In another example, a worker at an international NGO stated that a client’s inability to provide any meaningful detail, due to trauma, undermined her credibility in the eyes of the Home Office. This was in spite of the worker’s view that the woman was manifesting trauma resulting from the violence:
“… the evidence of violence was poor and based very much on her testimony, which was not good as she was very traumatised, very, very traumatised. I mean her testimony was just appalling she couldn’t remember the dates of her children’s birth she was in such a terrible state. Her credibility was very low.”
Participants also described how many decision makers appeared to be ignorant about the long term nature of psychological and physical ill health following violence. A worker at a specialist legal advice centre stated that:
“There are also lots of judges who, when they are dealing with types of gender persecution such as rape or FGM, when the incident is finished they argue that the persecution has finished and the trauma has stopped. I don’t think there is a great understanding of the continuing ostracism, isolation and pain and that it’s an ongoing persecution rather than a one off incident.”
The role of medical experts is critical in this regard.

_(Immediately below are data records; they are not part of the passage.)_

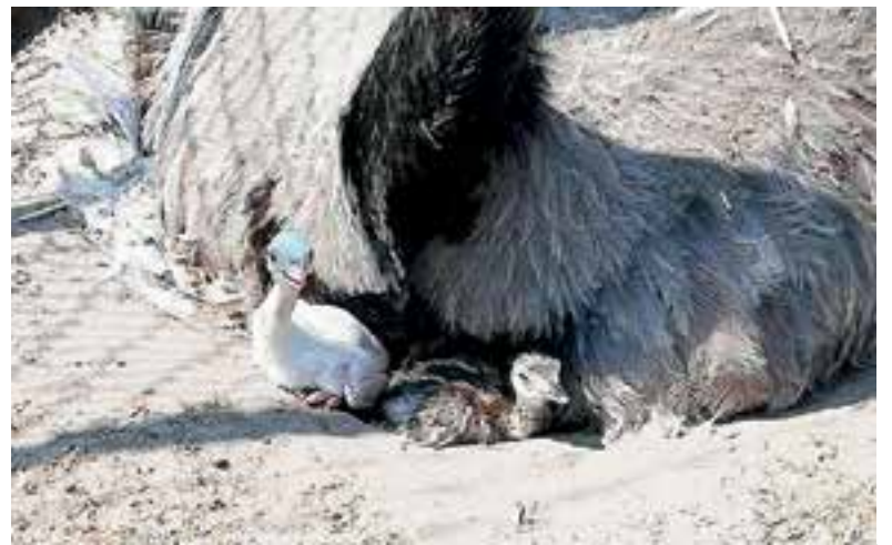
Het jonge geluk.

Een nandoe lijkt uiterlijk veel op een struisvogel, maar is beduidend kleiner en lichter. Andere verschillen met een struisvogel zijn dat een nandoe drie tenen heeft in plaats van twee en dat de seksen nauwelijks van elkaar te onderscheiden zijn. Het mannetje maakt in de paartijd veel herrie om de vrouwtjes te lokken, daarbij probeert hij indruk te maken met zijn vleugels. Een enkel
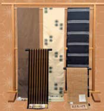
本場黄八丈 十日町紬 小千谷紬 しな布八才帯
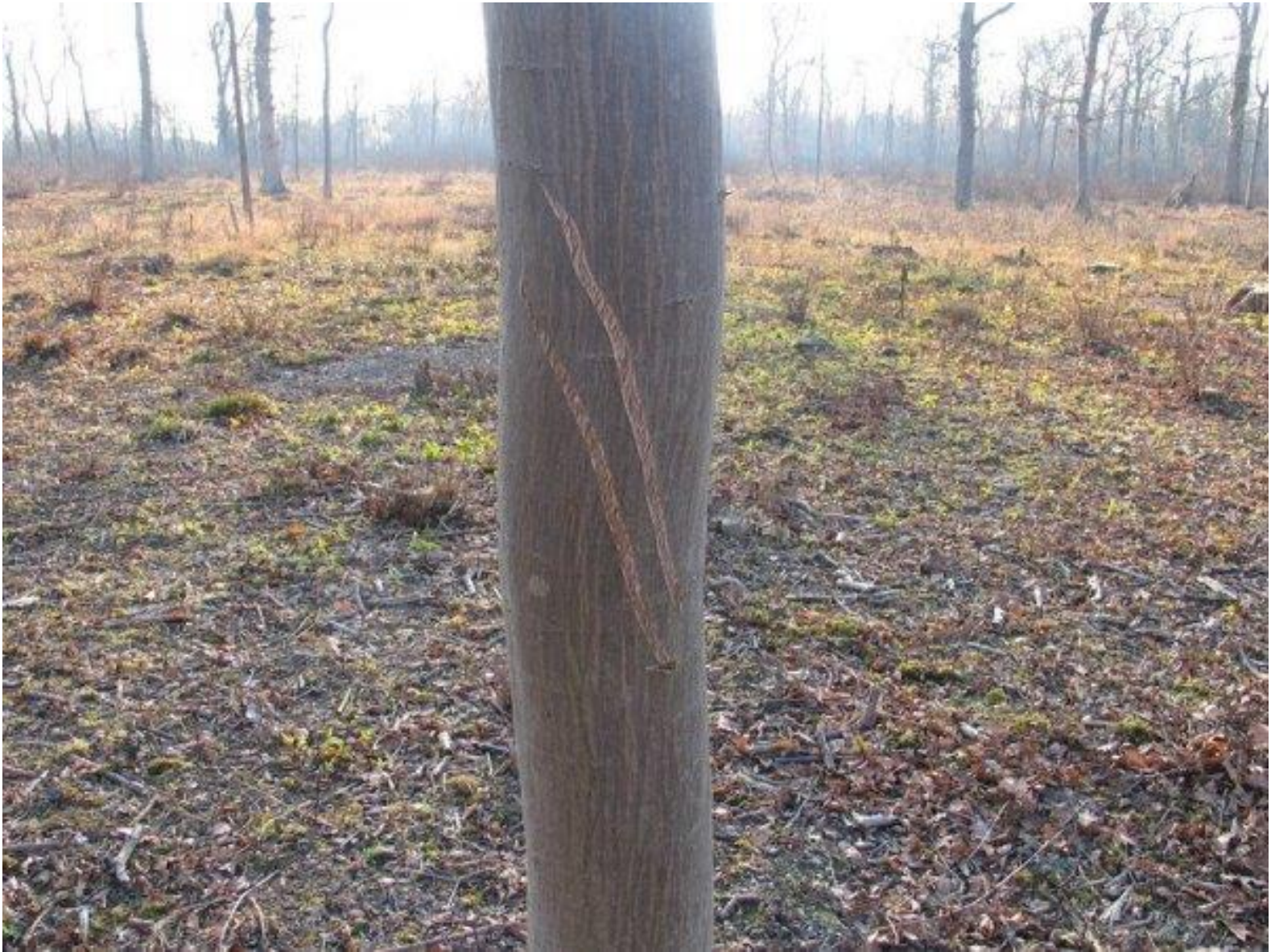
Biesheim, Francie (Alsasko), 2008
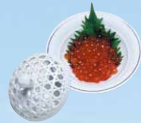
▲いくら風味(醤油)漬け Salmon roe soy sauce base 700円(756円(税込))
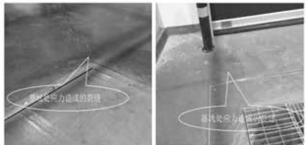
左图 没有切缝引导应力，基坑角部造成的裂缝 右图 基坑角部应力造成的裂缝

下面两图是从应力集中起点（90 度角处）至基坑壁边处缩缝或纵横向缩缝的切缝，消除了应力集中，没有出现不规则裂缝。
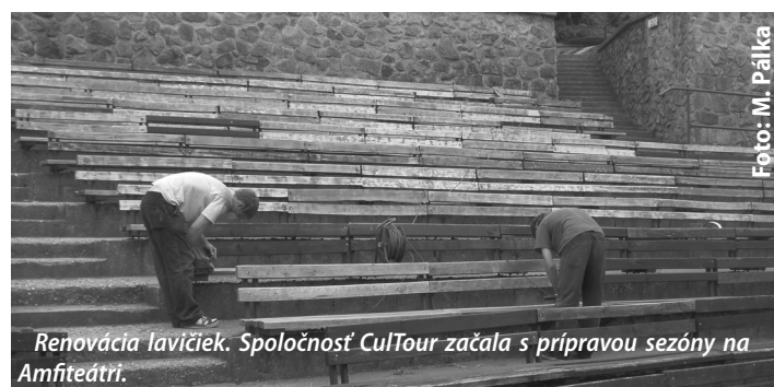
Renovácia lavičiek. Spoločnosť CulTour začala s prípravou sezóny na Amfiteátri.
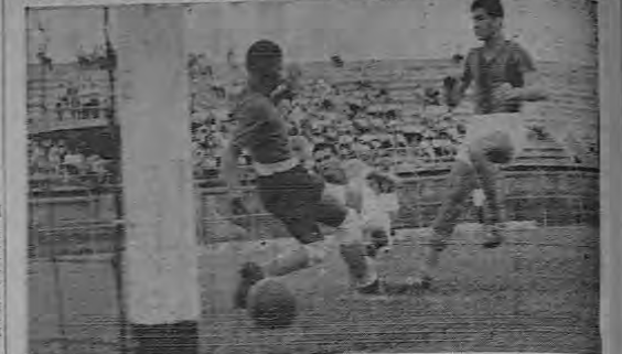
Uno de los goles que le anotaron al arquero Beckler, en el amistoso del domingo frente al Orion...

Como homenaje al doctor Rodolfo Chacón Araya, jugaron el preliminar del estadio los elencos de Moravia y Orion.
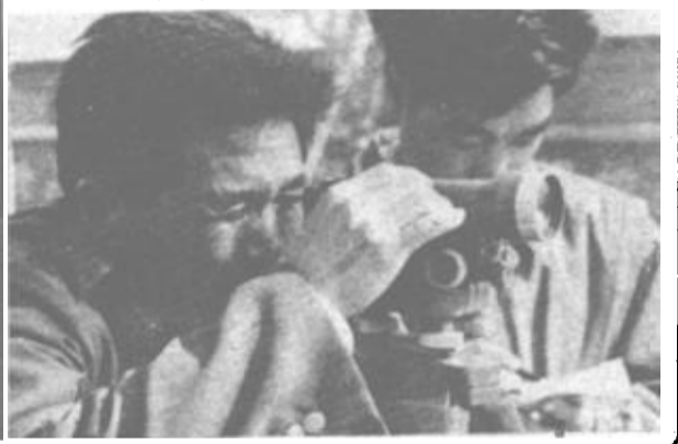
路养护工作已有30个春秋，他把全部心血和汗水倾注到了公路建设上，连年被评为先进工作者，去年被市政府授予劳动模范称号。

本报讯 (记者陈谨之 通讯员王雪锋)广饶县大王建安总公司电子设备厂研制成功的能对各种液体进行交变电磁场磁化的装置——CH系列交变电磁场磁化机，日前通过技术鉴定。专家们一致认为，这项成果属国内首创。
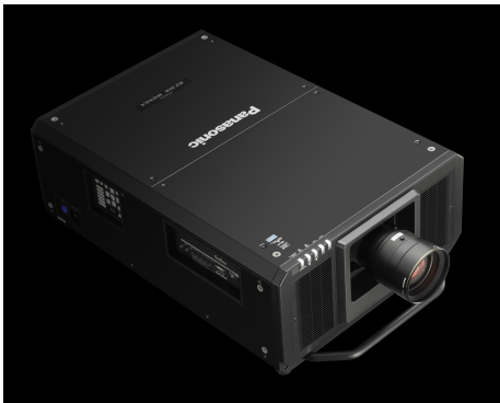
Se utilizaron siete proyectores láser de alto rendimiento PT-RZ31K, cada uno con 30 000 lm

El festival se celebra alrededor del 8 de diciembre y en él los habitantes de Lyon rinden homenaje a la Virgen María, cuya estatua puede verse en la Basílica de Fourvière que domina la ciudad. Los habitantes colocan velas y luces en los alféizares y balcones, y organizan desfiles callejeros.
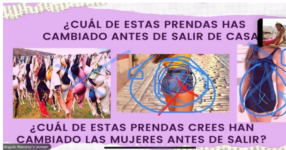
Figura 4. Grupo Focal 2 grupo mixto
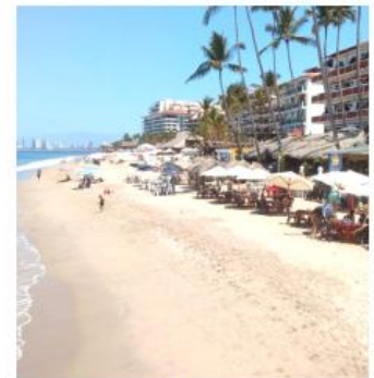
Se prevé alcanzar el 100 por ciento de ocupación hotelera en las vacaciones.

De acuerdo con el funcionario, los tres niveles de Gobierno trabajan en la reactivación del turismo, luego de que algunos destinos registraran cancelaciones tras los hechos violentos.
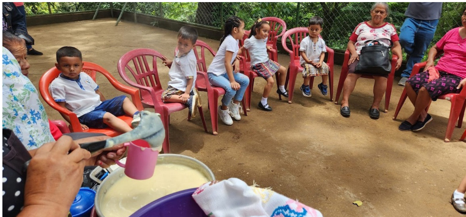
Una nueva generación de niñas y niños busca revitalizar el náhuat pipil, una lengua ancestral hablada hoy por menos de un centenar de personas en El Salvador y en peligro de extinción.
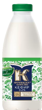
Кефир 3,2% 930мл

However, as the discussion in Chapter nine on ‘expert evidence’ indicated, medical evidence on a woman’s health post-trauma, appeared to have insufficient persuasive value.
10.2 Isolating effects of the asylum system
Participants described how women remain isolated and vulnerable throughout the asylum decision making process. Women were often unaccompanied or lacked support throughout the process, from Home Office interviews through to appeal hearings. A local authority support worker explained:
“And don’t forget the solicitors often don’t even turn up in the appeal court, they just send the
papers on, so she wouldn’t have had anyone there and every time she went she had to desperately
try and find someone to look after the girls because they were terrified of going.”

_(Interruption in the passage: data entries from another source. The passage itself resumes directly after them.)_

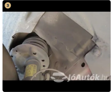
3 Futómű A lengéscillapítón olajfolyás nem észlelhető.
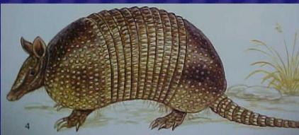
Dasypus novemcinctus (Armadillo de nueve bandas, cuzo, cuzuco)
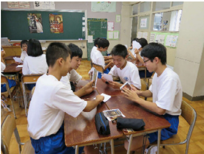
平成27年度の例：中野小屋中学校 出張事前授業の様子 | アートカードを使って
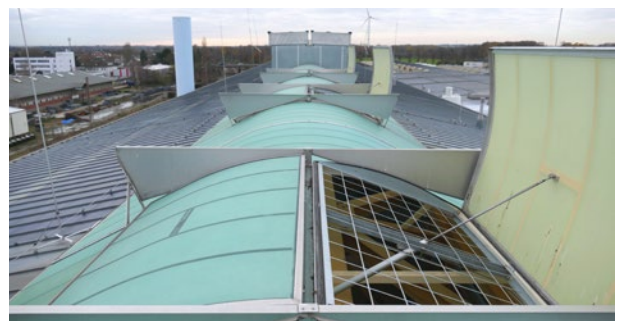
GRILLODUR® DSG in einer Doppelklappe

Mit der entsprechenden Zertifizierung gemäß GS-BAU-18, erfüllt die GRILLODUR® DSG-Durchsturzsisicherung die hohen Anforderungen der Berufsgenossenschaft der Bauwirtschaft.
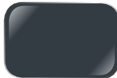
XÁM GR11 Neptune Grey
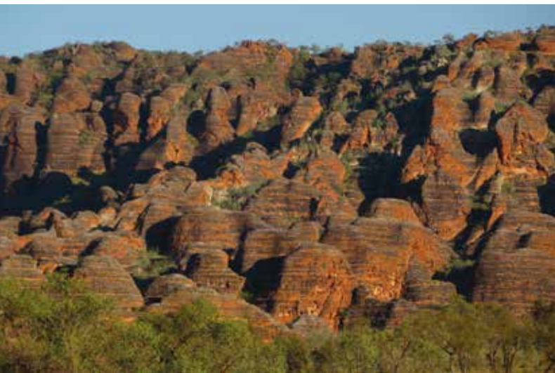
Gorkin Kansallispuiston kalliomuodostelmia

Matkareitti oli yksinkertaisuudessaan, ensin pohjoiseen, sitten itään, sieltä länteen ja takaisin pohjoiseen, paluu Suomeen Darwinista. Matkamme suuntautui luonnon- ja kansallispuistoihin. Edellisellä matkallamme olimme ihastuneet eläimistöön ja karuun luontoon. Pohjoisen luonto tarjosi enemmän vaih-
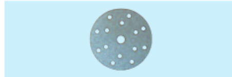
Schleifscheiben für Klettverschluss, gelocht (15-Loch) Velcro sanding paper, punched (15 holes)
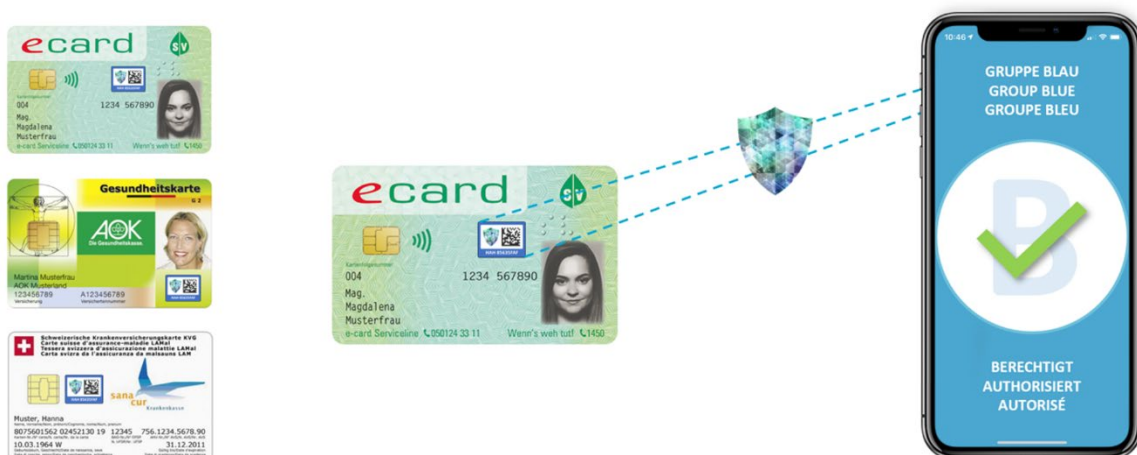
Abb. 2: Authentifizierung mittels der Authentic Vision App

Die Aktivierung der Tags kann von jeder beliebigen Gesundheitsbehörde (medizinische Einrichtung, Krankenhaus oder Arztpraxis) mit Angabe von Privilegien und Zugriffsrechten mit Hilfe der kostenlosen AV "Admin" App auf jedem Smartphone durchgeführt werden.

Whilst legal support existed for the preparation of evidence, and other support was available to address health and well being issues, there was a gap in the provision of non-legal support to ‘accompany’ women through the asylum system. Some participants suggested that women in these situations were often likely to accept any form of informal support however inappropriate (for example from male or female members within a particular community group) but that they were unlikely to approach formal services, not only because they might be unaware of them but also because they were likely to have low expectations of receiving culturally appropriate support.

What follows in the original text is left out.